Context = artifacts in their input-binding role: the set of artifact references an agent run consumes as grounding input, version-pinned at selection time. Context is not a separate substance and not its own extension kind. A consuming agent declares typed contextSlots on its Open Agent Specification (OAS), including which artifact extension types each slot accepts, and the built-in @cinatra-ai/context-selection-agent (a kind:"agent" extension) resolves each slot at run time against the ownership chain. See Agent context slots.
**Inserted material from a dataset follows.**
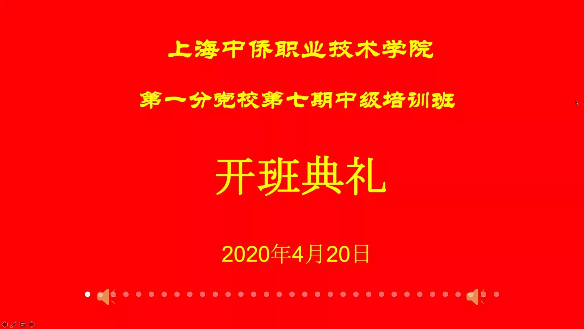 2020年4月20日15:45,上海中侨职业技术学院第一分党校第七期中级培训班开班典礼在腾讯会议平台举行。经济与管理学院党总支石成玉老师、第一党支部书记邵静老师、宣传委员郭晓平老师、组织委员韩雯倩老师以及中级培训班的全体中党学生共同参与了会议。会议由邵静老师主持。

2. Hard invariants (BLOCKING — enforced by tests/greps)

No bytes in objects.data. cinatra.objects.data (JSONB) holds metadata + normalized refs only — never file bytes, base64, or blob content. Blob bytes live only in the blob store; the object row carries { artifactType, latestVersionId, digest, mime, size, originKind, … }.
Full-fidelity file model from the first implementation — never an upload-only blob. The file artifact model MUST support, from day one:
- stable artifact id (survives every version);
- immutable versions, each with a content digest (sha256) + blob ref;
- MIME-driven viewer hint;
- origin.kind ∈ upload | email_attachment | agent_generated | external_link | live_generator;
- arbitrary parent_id / parent_type (e.g. attachment → email object);
- run / message / provider provenance;
- editable text/markdown body (not only opaque binary);
- generated-image variants;
- publication / reference metadata (published?, editable?, referenced-by).
Tenant/version-scoped blob identity. Physical sha256 dedupe is internal only — never exposed and never used for authorization or cross-tenant existence inference. Blob lookup is always scoped by org_id + artifact-version.
One canonical write path. The artifact service layer is the only writer. Library UI and Model Context Protocol (MCP) CRUD call the service — never a second write path, never raw blob/object writes.
Immutable, replay-safe refs. A message/run ArtifactRef pins a specific version + digest. Referenced artifacts are tombstone-deleted, never hard-deleted; a referenced version’s bytes are retained.
LLM orchestration is the sole file consumer. WayFlow (Cinatra’s OAS Flow agent runtime) never consumes files. The prompt window attaches an artifact ref; resolution + provider upload/attach happens only in @cinatra-ai/llm via /api/llm-bridge.

3. Threat model

Threat	Vector	Mitigation
Cross-tenant file disclosure	global sha dedupe / unscoped blob path / predictable URLs	tenant+version-scoped blob identity; authz on every serve; signed/internal URLs
Stored-XSS / drive-by	serving HTML/SVG/PDF inline as active content	`Content-Disposition: attachment` for non-safe types, strict CSP, MIME sniffing, no-exec storage path
Path traversal / RCE on upload	crafted filename / archive	server-generated storage keys, never client filename on disk; extension allow/deny; size cap; malware-scan hook point
Secret/data exfiltration into graph memory	Graphiti projector serializes full `objects.data`	metadata/excerpt-only projection policy lands before the first artifact write
Privilege escalation via artifact ownership	reassigning owner to widen access	promote-only ratchet; reassignment = explicit audited transfer; narrowing conservative if referenced
Replay/audit gap	hard-deleting a referenced artifact	tombstone + retention + audit log on create/delete/transfer/promote
Model hallucinating file access	non-ingestible type silently dropped	structured “attached, not directly readable” manifest delivered to the model
Unbounded provider re-upload / cost	re-uploading the same blob each turn	provider-ref cache keyed by artifact-version + provider, with GC

4. `ArtifactRef` (normalized, immutable)

ArtifactRef = {
  artifactId: string        // stable across versions
  versionId:  string        // pinned, immutable
  digest:     string        // sha256 of the pinned version's bytes
  mime:       string
  originKind: 'upload' | 'email_attachment' | 'agent_generated' | 'external_link' | 'live_generator'
}

Stored in normalized storage (refs table); chat-thread JSON may carry a projection/cache of the ref, never the canonical record, never bytes.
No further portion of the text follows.